Bytecode Compiler (#100)

by Ross Bamford

Note: This quiz isn't really as much work as it might seem!

This quiz involves writing (in Ruby, of course) a compiler for basic arithmetic expressions. The output from this compiler should be an array of unsigned byte-sized ints, which can be fed into the included interpreter (http://www.rubyquiz.com/interp.rb) in order to execute the compiled expression.

The bytecode format is very simple, while the interpreter is also very simple, implemented as a stack machine. They have the following general characteristics:

* Bytecode is stored as an array of unsigned byte-sized Fixnums.
* All stack-bound numbers are signed integers
* The following operations are supported:
* Addition
* Subtraction
* Multiplication
* Division
* Raise to power
* Integer modulo
* Where an operator would return a floating point value,
the value is truncated to an integer.
* Short CONST and long LCONST instructions allow constants
to be pushed to the stack. These instructions expect their
operands to hold a signed short or long, respectively,
in network byte order.

Your compiler interface should be via a singleton method on a module 'Compiler', taking a string, such that:

ruby
Compiler.compile('3+2')

Returns an array of instructions (and operands) that, when fed to the interpreter, will execute the expression 3+2 and return the result (hopefully 5). For example, a correct (but non-optimal) result from the above call would be:

ruby
[2,0,0,0,3, # LCONST 3
2,0,0,0,2, # LCONST 2
10] # ADD

Your compiler should support all basic arithmetic operations and explicit precedence (parenthesis). As standard, syntax/precedence/ associativity/etc. should follow Ruby itself. Obviously, specific implementation is entirely up to you, though bear in mind that your compiler must be capable of running inline in the same Ruby process as the interpreter, without affecting any code outside itself.

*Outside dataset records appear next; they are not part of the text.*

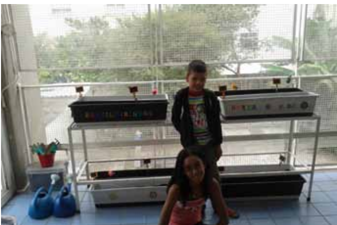
Esse projeto pretende despertar a percepção das crianças no cuidar e trabalhar a paciência e perseverança.

Com o projeto pretendemos desenvolver habilidades que permitem às crianças descobrir, produzir, selecionar e consumir os alimentos de forma adequada, segura e saudável. Os conhecimentos adquiridos serão transmitidos pelas crianças aos adultos e a todas as pessoas com que tenham contato.
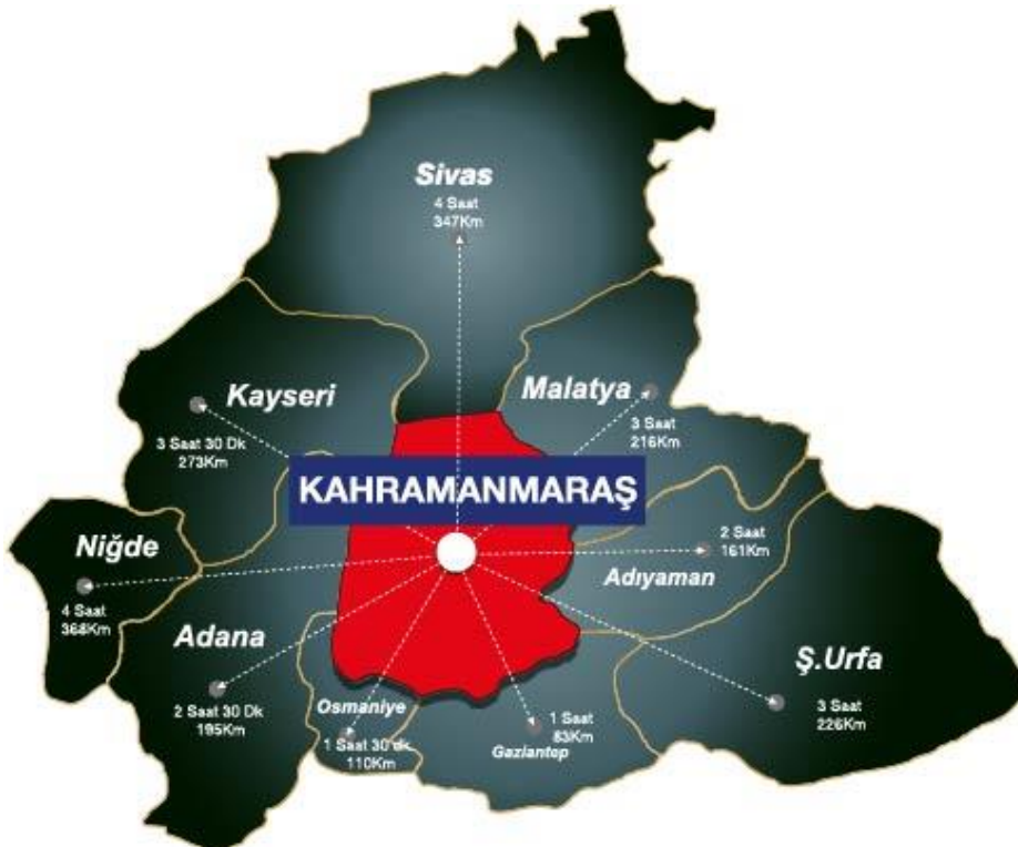
Şekil 2. Kahramanmaraş'ın Komşu İllerine Mesafeleri
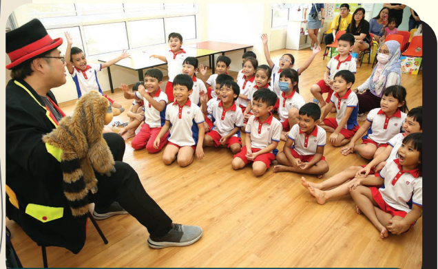
More than 2,500 K2 children have benefitted from this initiative.

The quiz also includes a number of tests (http://www.rubyquiz.com/test_bytecode.rb) that will test your compiler's functionality, with expressions becoming more complex as the tests go on. To pass all the tests, a compiler will have to not only generate correct bytecode, but it will also need to generate the shortest code it can for a given expression.

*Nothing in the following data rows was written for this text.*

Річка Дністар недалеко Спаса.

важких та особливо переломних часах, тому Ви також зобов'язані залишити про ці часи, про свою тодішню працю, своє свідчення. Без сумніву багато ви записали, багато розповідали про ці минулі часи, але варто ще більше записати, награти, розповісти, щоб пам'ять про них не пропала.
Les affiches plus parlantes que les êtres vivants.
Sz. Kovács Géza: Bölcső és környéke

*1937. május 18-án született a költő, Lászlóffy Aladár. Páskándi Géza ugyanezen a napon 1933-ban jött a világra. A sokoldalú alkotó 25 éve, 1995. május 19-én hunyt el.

Here is the bytecode spec:

# 0x01: CONST (cbyte1, cbyte2) ... => ..., const
Push a 15-bit signed integer to the stack.
The two bytes immediately following the instruction represent the
constant.

# 0x02: LCONST (cbyte1, cbyte2, cbyte3, cbyte4) ... => ..., const
Push a 31-bit signed integer to the stack.
The four bytes immediately following the instruction represent the
constant.

# 0x0a: ADD () ..., value1, value2 => ..., result
Pop the top two values from the stack, add them, and push the result
back onto the stack.

# 0x0b: SUB () ..., value1, value2 => ..., result
Pop the top two values from the stack, subtract value2 from value1,
and push the result back onto the stack.

# 0x0c: MUL () ..., value1, value2 => ..., result
Pop the top two values from the stack, multiply value1 by value2,
and push the result back onto the stack.

# 0x0d: POW () ..., value1, value2 => ..., result
Pop the top two values from the stack, raise value1 to the power of
value2, and push the result back onto the stack.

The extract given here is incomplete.